How It Works Internally

Application Startup

├── CREATE TABLE IF NOT EXISTS migrations
│ (version, description, applied_at)

├── SELECT applied versions from migrations table

├── For each pending migration (not yet applied):
│ ├── BEGIN TRANSACTION
│ ├── SELECT id, payload FROM journal
│ ├── Apply transform to each payload
│ ├── UPDATE journal SET payload = new_payload
│ ├── INSERT INTO migrations (version, description)
│ ├── TRUNCATE snapshots (invalidate cached state)
│ └── COMMIT

└── Return MigrationResult(applied, skipped)

Each migration runs in its own transaction. If migration "002" fails, "001" is already committed and will not re-run. The migrations table tracks exactly which migrations have been applied, just like Flyway's flyway_schema_history.
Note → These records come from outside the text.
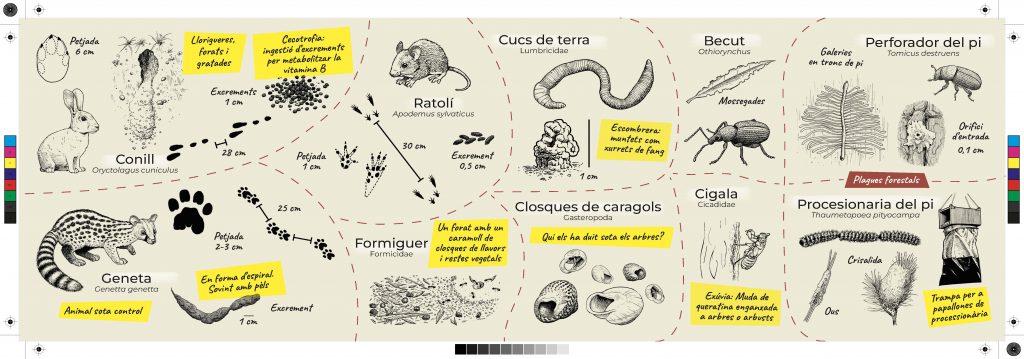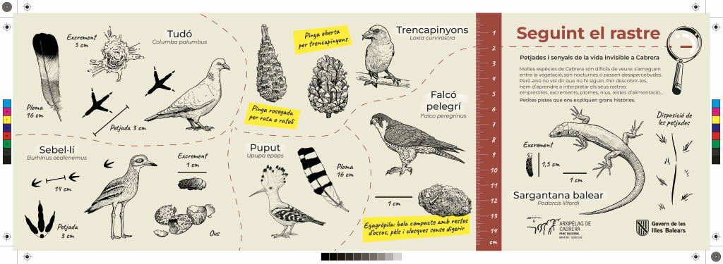 Realizamos el diseño y maquetación de un tríptico sobre las huellas y rastros que deja la fauna de la isla de Cabrera en Baleares. Con las magníficas ilustraciones de Pau Oliver, ilustrador científico de Mallorca.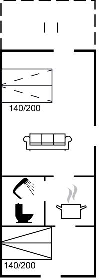 Ferielejligheden egner sig til 4 personer. 2 af sovepladserne er kun egnet til større børn (4-11 år). Ferieboligen er på 30 m² og er bygget i 2018. Det er tilladt at medbringe 1 husdyr. Frysekapacitet på 10 liter.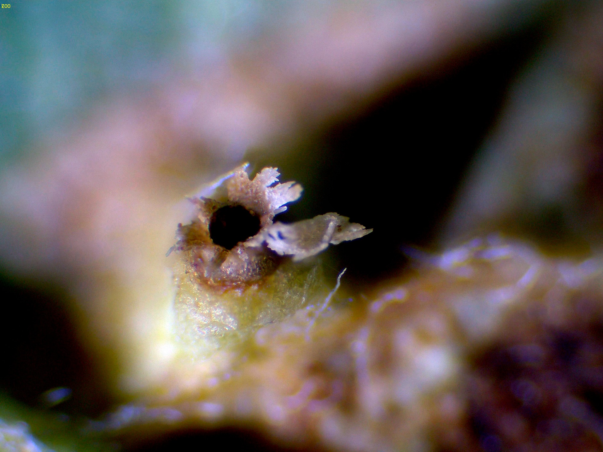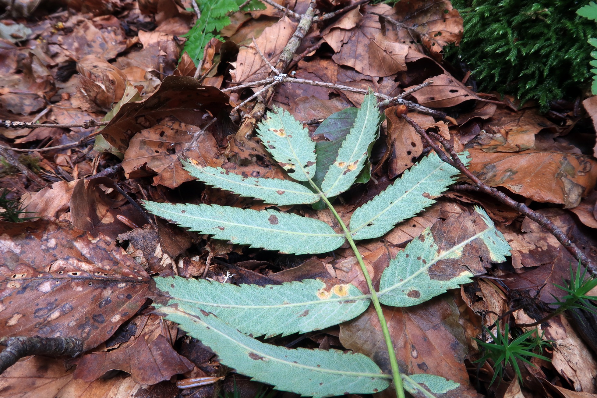 Un Gymnosporangium que tenía pendiente localizado el pasado 18 de septiembre en la zona de Somport, sobre unas hojas del suelo de Sorbus aucuparia, en un punto fronterizo entre España y Francia.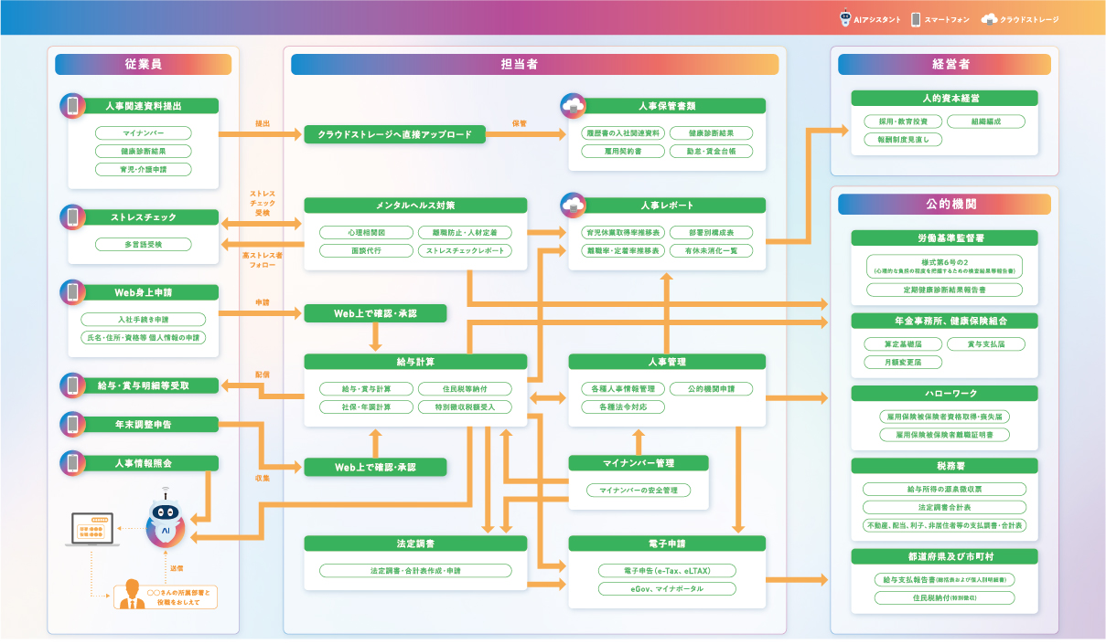 人事労務管理業務を一元化したい企業様向けクラウド人事労務サービス。AI活用で業務の自動化・共有化を実現し、年末調整・給与明細、身上申請などの業務を電子化してオールインワンで利用できます。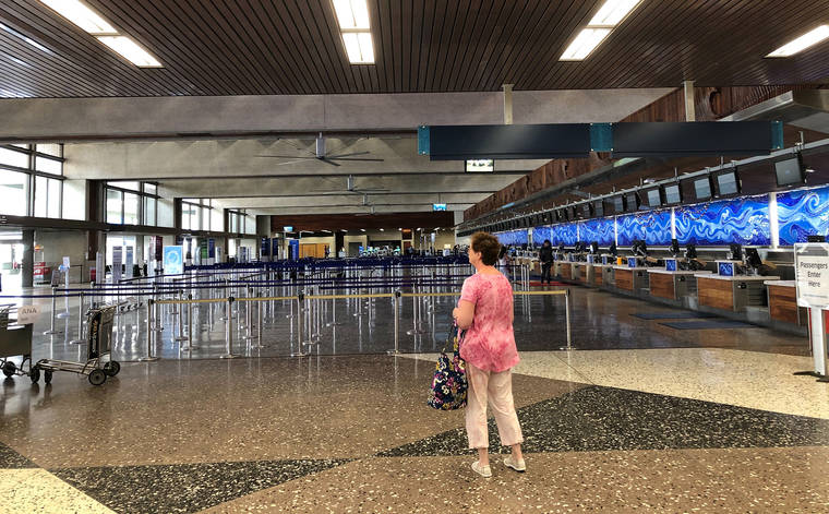 Few people are in the departure lobby at Honolulu’s Daniel K. Inouye International Airport on Thursday, March 26, 2020, as Hawaii imposed a 14-day traveler quarantine to slow the coronavirus. Travelers landed in Hawaii to a new requirement that they hole up in hotel rooms or their homes for 14 days to fight the spread of the virus. (AP Photo/Audrey McAvoy)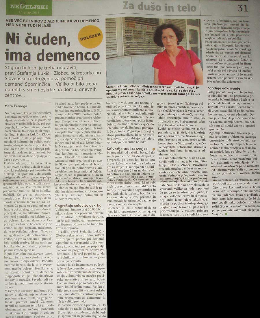 1.9.2013 je kot samostojna priloga pri reviji Naša žena izšlo glasilo SPOMINČICA. Glasilo je izšlo v VELIKI NAKLADI 18.000 izvodov z namenom, da bi postale informacije o tej hudi bolezni dostopne širši javnosti.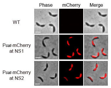 迄今为止,科学家尚未能实现新月柄杆菌中无标记的基因插入。为解决这一难题,研究人员应用CRISPR/SpCas9M-报告系统测试了靶向基因插入的可行性。利用基因敲入进行功能获得性研究时,研究人员选择中性插入位点(Neutral Insertion Site, NIS)以避免基因极性效应。研究人员通过targetFinder鉴定出一组新月柄杆菌潜在中性插入位点,并选取评分最高的NIS位点。当利用CRISPR/SpCas9M-报告系统将Pcat-mcherry敲入到中性位点后,倒置荧光显微镜下可观察到菌株内的mCherry红色荧光信号,证实该基因被正确插入且有效转录翻译。此外,敲入菌株均未检测到明显的生长及形态学改变,表明这些插入位点不会对新月柄杆菌的适应性造成显著影响。
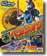In vehicle mode, it's a six-wheeled attack vehicle. In fighter mode, it's a pegasus-like creature. Emblem lights up (via two LR44 batteries) and this item can also dock individually with W-07 to form Golemon. Communicates via infra-red link to give more attacks and receive orders.

Snapshots are truncated after each migration because they contain pre-computed state derived from the old event format. The backend will lazily rebuild snapshots from the migrated journal on the next read.

Compile-Time Safety: Exhaustive Migrations

One of the biggest risks with event migration is forgetting to handle an event variant. If your old event type has 5 cases and your migration only transforms 4, the 5th will crash at runtime — potentially corrupting your journal or losing data.

Edomata prevents this at compile time. The typed migration factory takes a transform: A => B function — a total function over type A. When A is a sealed enum (as all well-designed event types should be), Scala 3's exhaustivity checker ensures every case is handled:

enum EventV1:
case Created(name: String)
case Updated(name: String)
case Deleted // ← added later

val migration = EventMigration[EventV1, EventV2]("001", "...")(
decode = ...,
transform = {
case EventV1.Created(n) => EventV2.Created(n, email = "")
case EventV1.Updated(n) => EventV2.Updated(n, email = None)
// COMPILE ERROR: match may not be exhaustive.
// It would fail on pattern case: EventV1.Deleted
},
encode = ...
)

With sbt-typelevel (used by Edomata), this warning is promoted to a fatal compilation error. Your project will not compile until every event variant is handled.

What this means in practice

  • Incomplete migrations are impossible to deploy — the compiler catches them before they reach production
  • Old event types must remain as sealed enums in your codebase until the migration has run in all environments (dev, staging, production)
  • Once deployed everywhere, you can safely delete the old types

Tip: Keep old event types in a dedicated migrations package to make it clear they exist only for migration purposes and can be cleaned up later.

Without the typed factory

If you use the raw EventMigration(version, description, run) constructor directly (operating on JSON strings), you lose this compile-time guarantee. Always prefer the typed factory EventMigration[A, B](version, description)(decode, transform, encode) to benefit from exhaustivity checking.

Best Practices

  1. Use sequential version strings"001", "002", "003". They are identifiers, not sorted — order comes from list position.

  2. One migration per schema change — Don't bundle unrelated changes. Each migration should have a clear, single purpose.

  3. Test migrations locally first — Run against a copy of your production data before deploying.

  4. Back up your database — Before running migrations in production, always take a backup. Migrations rewrite journal payloads in-place.

  5. Keep old event types until fully deployed — The compile-time exhaustivity guarantee requires the old sealed enum to exist. Delete it only after all environments have run the migration.

  6. Use the same serialization library — If your events are stored with Circe, decode with Circe. Don't mix serialization libraries in a single migration.

Full Example

See examples/src/main/scala/MigrationExample.scala for a complete working example showing V1 → V2 → V3 event evolution with automatic migrations.